Netflix updates sound quality across 5.1, Atmos

If you feel like the audio quality you’re getting from your Netflix account could be better, you weren’t alone, and that has prompted Netflix to do something about.

You may think that the viewing experience of movies and TV shows makes the biggest impact, but sound is a crucial part of what you watch. Both make the experience, but bad sound can break the experience, and when filmmakers get frustrated about the sound their work delivers, you can bet they’ll have something to say about it.

For Netflix, that’s a conversation it has been having with the Duffer brothers, the directors of Stranger Things and Stranger Things 2, and after letting the directors listen to their shows in a living room experience back in 2017, the duo told Netflix that the audio had to be crisper.

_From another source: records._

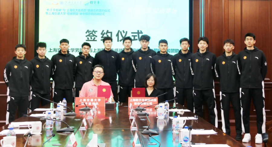 上海交通大学“低碳男篮”的建设工作近日启动。5月24日下午,上海交通大学、上海乾于丰低碳科技股份有限公司携手上海气候周2024,在交大徐汇校区举行低碳合作签约仪式。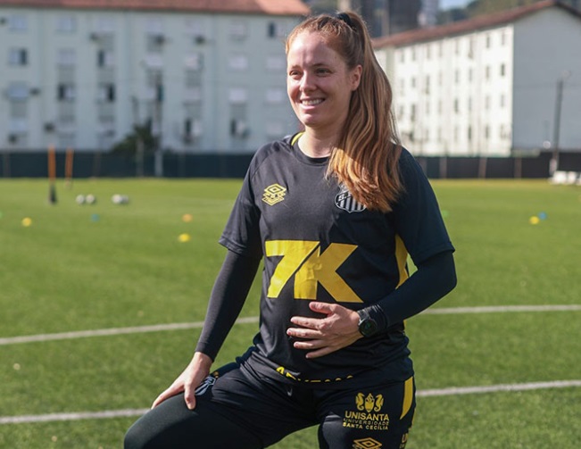 A atleta do Santos Ketlen Wiggers, de 33 anos, natural de Rio Fortuna, fez história ao se tornar a primeira jogadora do futebol brasileiro a manter os treinamentos até o oitavo mês de gestação.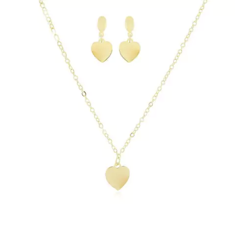 CONJUNTO COLAR E BRINCO COM PINGENTE DE CORAÇÃO FOLHEADO A OURO 18K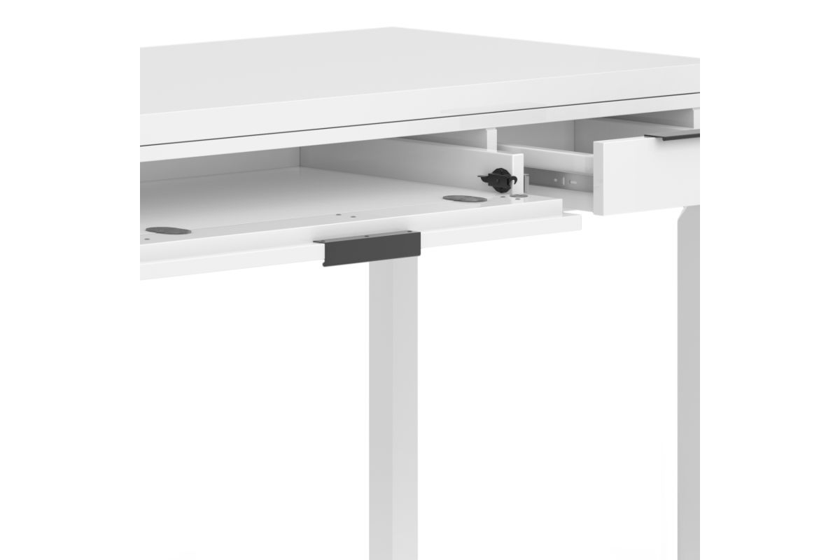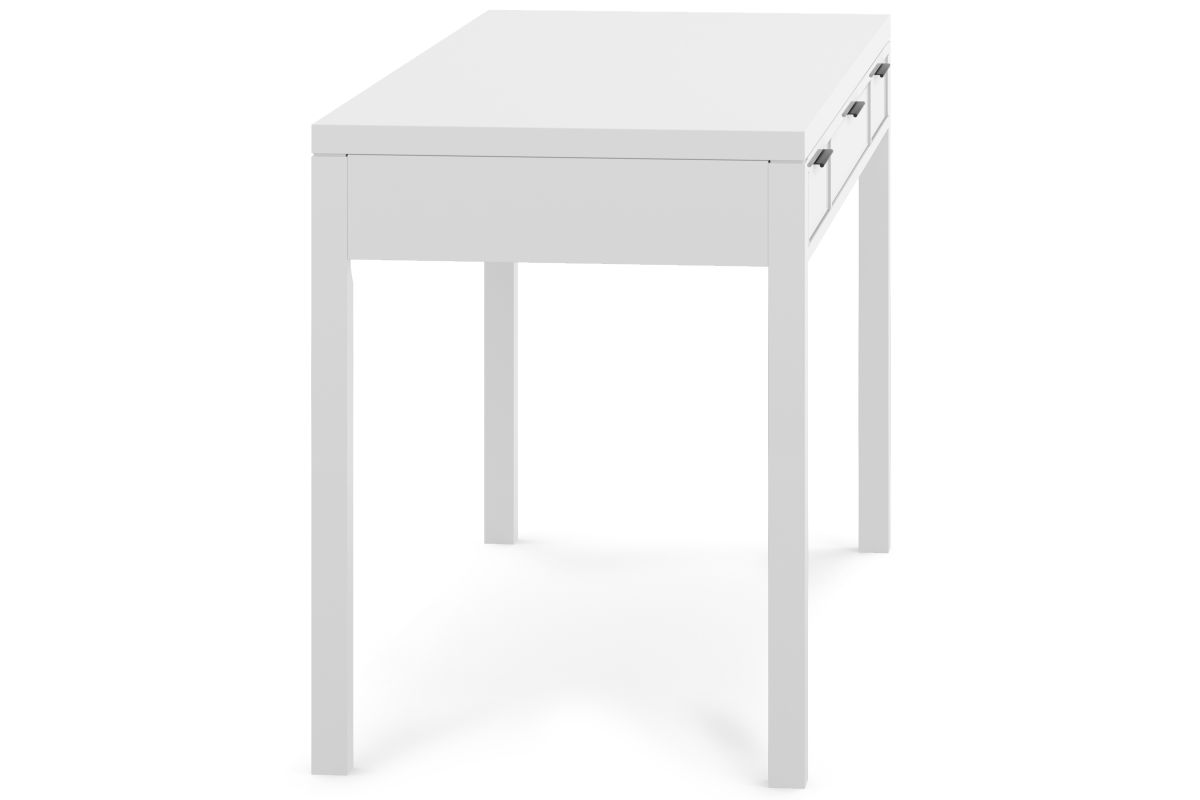 - Features two (2) side drawers with discreet handles, ball bearing drawer glides and one (1) center drawer with flip down front and internal keyboard tray.
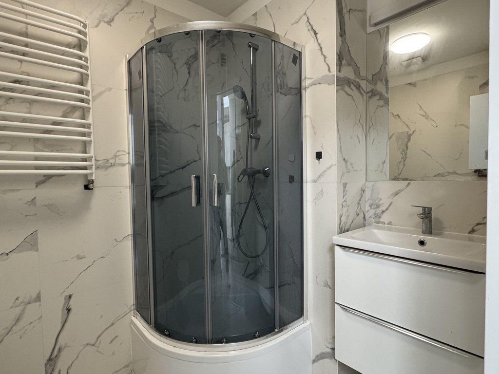 • Układ: pokój dzienny z aneksem kuchennym oraz łazienka z kabiną prysznicową

Netflix went to work, and almost two years on, has a solution with improved audio that will be rolling out to subscribers of Netflix with supported devices.

It’s something Netflix calls “high-quality audio” that is adaptive and designed to offer the best experience to match capabilities.

The result is basically an improvement in bitrate, with 5.1 audio jumping from 192kbps to 640kbps, a move Netflix says is from “good” to “great/perceptually transparent”. Meanwhile, folks who have subscribed to the 4K-capable Premium plan will have improvements to Dolby Atmos bitrates, too, moving from 448kbps to 768kbps.

Released on the Netflix blog, the company says it expects the bitrates “to evolve over time” as the company gets more efficient in its encoding techniques.

Depending on the level of audiophile you are, you may not necessarily think a jump in 192 to 640kbps is high. CD quality bitrate for 16-bit audio is 1411kbps (evident in lossless WAV and FLAC), while 192kbps is closer to the audio quality that we used to associate with MP3s back in the day.

As a point, the Pickr Sound Test is provided in streaming services at a lower bitrate, but tested in FLAC, meaning the bitrate is higher and therefore closer to the original quality released by companies.

That said, an improvement is an improvement, so we’ll look forward to seeing how the improvements are handled by TVs, soundbars, and speaker systems, as it would be great to see higher quality audio streamed out on services as well as the better Ultra HD video that higher connection speeds can bring.